Acceptability studies by institutions, including NARI and the Delhi-based Programme for Appropriate Technology in Health (PATH), of microbicides in India show that people are interested and willing to use them.

People who have had the opportunity to use microbicides in trials have predominantly reported positive experiences. According to a study conducted in Tamil Nadu's Namakkal district by Dr. N. M. Samuel of the Experimental Medicine and AIDS Resource Centre of the Dr. MGR Medical University, 91 per cent of the women interviewed said they would use microbicides. According to a Women's Feature Service report, 60 per cent of the women interviewed in Chennai expressed their willingness to use a vaginal product to protect themselves from the infection.

The issue of the ethics of microbicide research and development, as in other medical trials, is often tricky and controversial. According to Dr. Gita Ramjee, in a microbicide - COL 1492 - multi-site study of 477 sex workers, several ethical concerns came to the fore, including the exclusion of some HIV-positive women from the study, lack of care and support to HIV seroconverters (those testing positive during the course of the trial), and the process of obtaining informed consent. According to her, informed consent is an ongoing process and there is a pressing need for repeated verification, monitoring (by independent agencies), and reiteration at every available opportunity. Sensitivity to cultural and moral values and the building of mutually respectful relationships between the research community and women undergoing trials emerged as significant concerns during the COL 1492 study.

"Complex ethical issues in clinical trials," she argues, "can only be resolved if developing countries come up with their own guidelines and researchers, community, and service providers work together - and not in isolation."

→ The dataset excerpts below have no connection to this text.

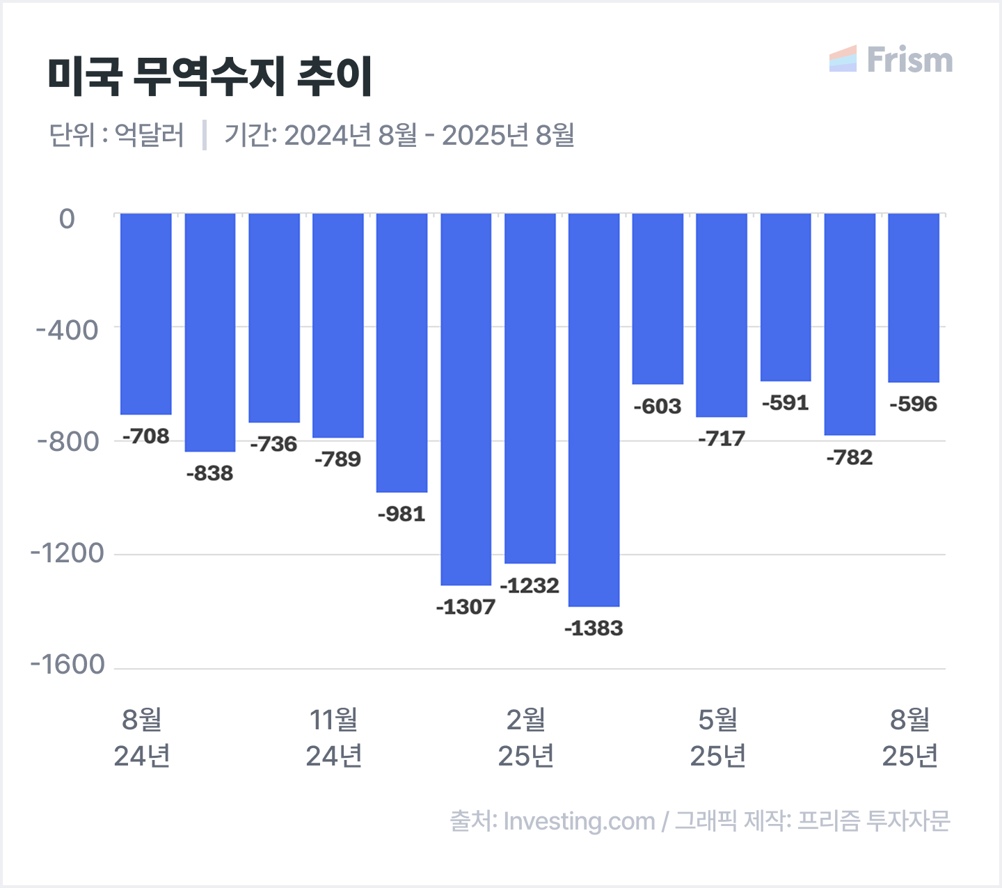 미국 8월 무역수지는 596억 달러 적자를 기록했지만 적자폭은 전월 대비 23.8% 감소하며 전예상치(613억달러 적자)를 상회했어요.
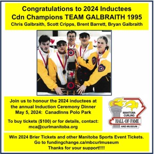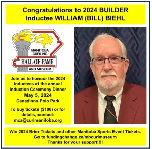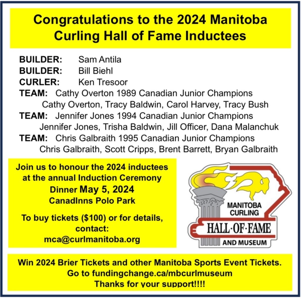 The 2024 Manitoba Curling Hall of Fame Induction Dinner will be hosted at CanadInns Destination Centre Polo Park on May 5, 2024. Dinner ticket prices will be held at $100 for 2024. More complete dinner details will be announced by March 1, 2024.
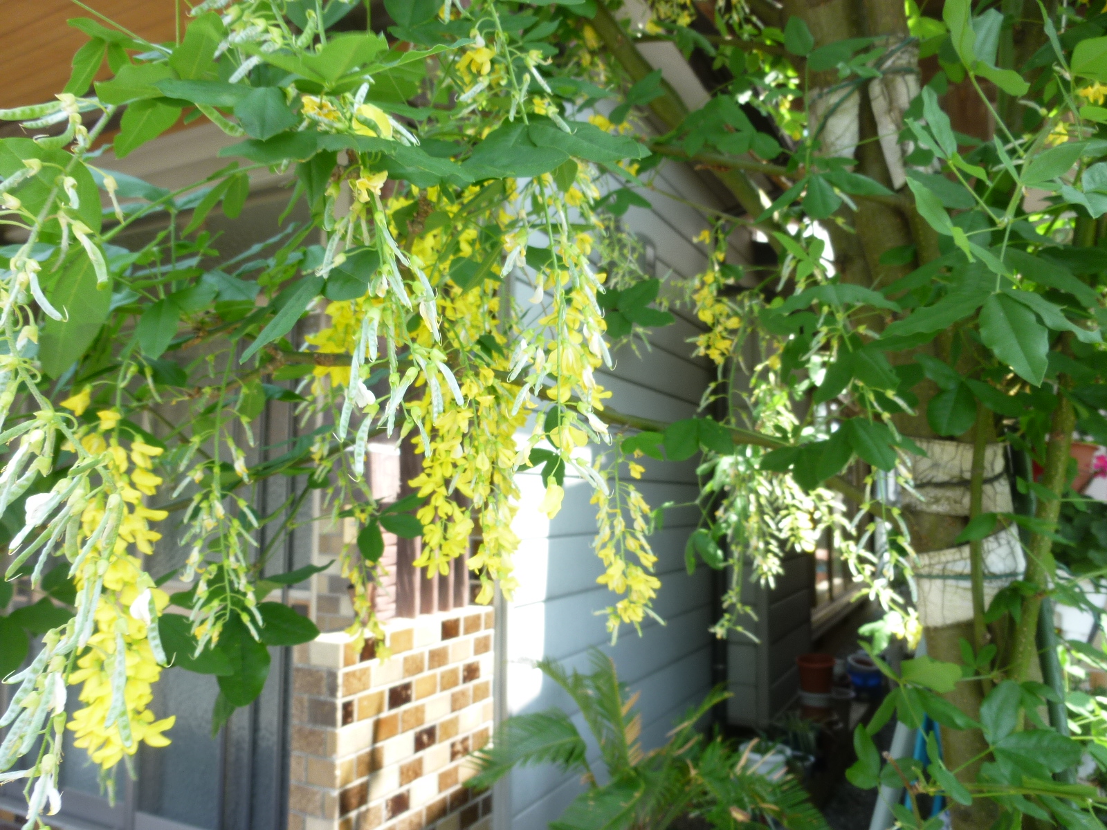 今日、訪問したお宅の玄関に黄色い藤の花が咲いていました。

Issues pertaining to ethics in clinical trials, particularly of the informed consent process, remain as debatable in India as elsewhere in the world. The key challenges include whether to provide medical treatment and care to those who test HIV positive during trials and inducement to trial participants.

The ICMR has developed comprehensive guidelines on the ethical questions, which are being followed in microbicide clinical trials. But their complete implementation is the real challenge. The larger challenge, of course, is to ensure that the voices of the poor and vulnerable women are heard as the research progresses.

Researchers and policy-makers alike regret that research on microbicides, hailed as a powerful woman-controlled method, should remain severely underfunded and politically marginalised despite its enormous scientific and public health potential.

The Rockefeller Foundation and the Population Council are directing efforts to prove to the drug majors the feasibility of microbicides and show them that they are indeed potential money-spinners. Several microbicide candidates, such as Carraguard, are expected to emerge as a commercial product in the next five years, but the process can be accelerated only if pharmaceutical companies pitch in.